### Available data
-- -- --

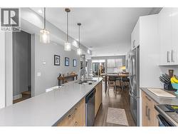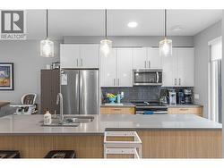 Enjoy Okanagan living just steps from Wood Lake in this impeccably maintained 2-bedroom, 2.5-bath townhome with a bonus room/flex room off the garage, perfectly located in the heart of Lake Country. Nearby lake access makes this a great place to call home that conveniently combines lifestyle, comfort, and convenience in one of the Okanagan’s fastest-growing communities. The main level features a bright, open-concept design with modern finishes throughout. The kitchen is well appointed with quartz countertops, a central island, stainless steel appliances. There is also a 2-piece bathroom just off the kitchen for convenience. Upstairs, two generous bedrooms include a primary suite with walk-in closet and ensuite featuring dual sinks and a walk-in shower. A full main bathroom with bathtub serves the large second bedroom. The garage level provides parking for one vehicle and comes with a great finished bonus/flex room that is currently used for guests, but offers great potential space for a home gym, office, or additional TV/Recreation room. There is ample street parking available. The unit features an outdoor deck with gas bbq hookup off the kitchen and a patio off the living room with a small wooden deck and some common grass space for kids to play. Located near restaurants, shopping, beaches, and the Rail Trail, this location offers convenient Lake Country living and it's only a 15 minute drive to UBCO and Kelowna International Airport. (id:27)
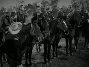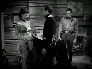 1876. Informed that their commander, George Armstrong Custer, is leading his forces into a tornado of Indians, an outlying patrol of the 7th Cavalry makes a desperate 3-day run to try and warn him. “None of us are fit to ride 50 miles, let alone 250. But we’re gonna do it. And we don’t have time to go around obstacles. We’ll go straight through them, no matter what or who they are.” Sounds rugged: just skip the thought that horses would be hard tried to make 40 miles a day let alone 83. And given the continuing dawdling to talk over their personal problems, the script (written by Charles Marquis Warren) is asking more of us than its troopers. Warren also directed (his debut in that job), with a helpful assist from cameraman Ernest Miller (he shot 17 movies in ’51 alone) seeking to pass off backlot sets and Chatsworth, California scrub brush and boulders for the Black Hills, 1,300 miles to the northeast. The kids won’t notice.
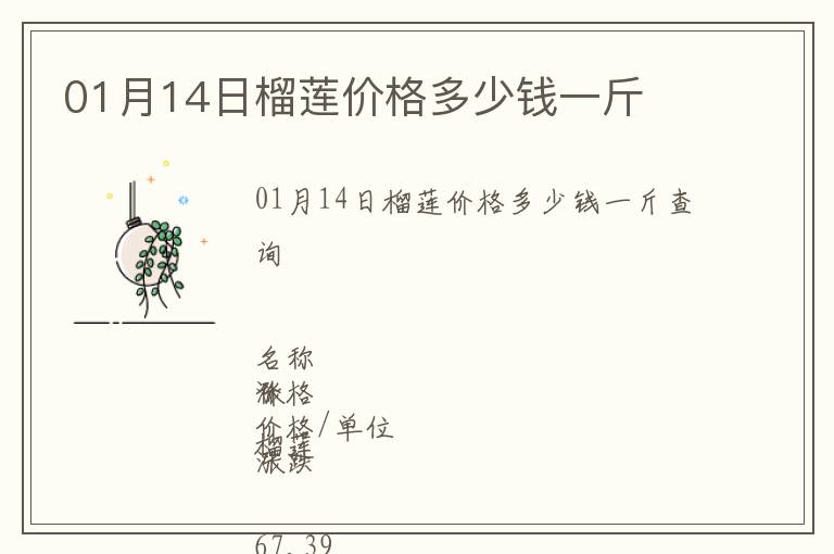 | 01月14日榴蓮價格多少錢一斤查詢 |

-- -- --

### How to complete this task
Print the listing again exactly, please. Keep the pictures out of it.

### Result for this task
 Enjoy Okanagan living just steps from Wood Lake in this impeccably maintained 2-bedroom, 2.5-bath townhome with a bonus room/flex room off the garage, perfectly located in the heart of Lake Country. Nearby lake access makes this a great place to call home that conveniently combines lifestyle, comfort, and convenience in one of the Okanagan’s fastest-growing communities. The main level features a bright, open-concept design with modern finishes throughout. The kitchen is well appointed with quartz countertops, a central island, stainless steel appliances. There is also a 2-piece bathroom just off the kitchen for convenience. Upstairs, two generous bedrooms include a primary suite with walk-in closet and ensuite featuring dual sinks and a walk-in shower. A full main bathroom with bathtub serves the large second bedroom. The garage level provides parking for one vehicle and comes with a great finished bonus/flex room that is currently used for guests, but offers great potential space for a home gym, office, or additional TV/Recreation room. There is ample street parking available. The unit features an outdoor deck with gas bbq hookup off the kitchen and a patio off the living room with a small wooden deck and some common grass space for kids to play. Located near restaurants, shopping, beaches, and the Rail Trail, this location offers convenient Lake Country living and it's only a 15 minute drive to UBCO and Kelowna International Airport. (id:27)
 1876. Informed that their commander, George Armstrong Custer, is leading his forces into a tornado of Indians, an outlying patrol of the 7th Cavalry makes a desperate 3-day run to try and warn him. “None of us are fit to ride 50 miles, let alone 250. But we’re gonna do it. And we don’t have time to go around obstacles. We’ll go straight through them, no matter what or who they are.” Sounds rugged: just skip the thought that horses would be hard tried to make 40 miles a day let alone 83. And given the continuing dawdling to talk over their personal problems, the script (written by Charles Marquis Warren) is asking more of us than its troopers. Warren also directed (his debut in that job), with a helpful assist from cameraman Ernest Miller (he shot 17 movies in ’51 alone) seeking to pass off backlot sets and Chatsworth, California scrub brush and boulders for the Black Hills, 1,300 miles to the northeast. The kids won’t notice.
 | 01月14日榴蓮價格多少錢一斤查詢 |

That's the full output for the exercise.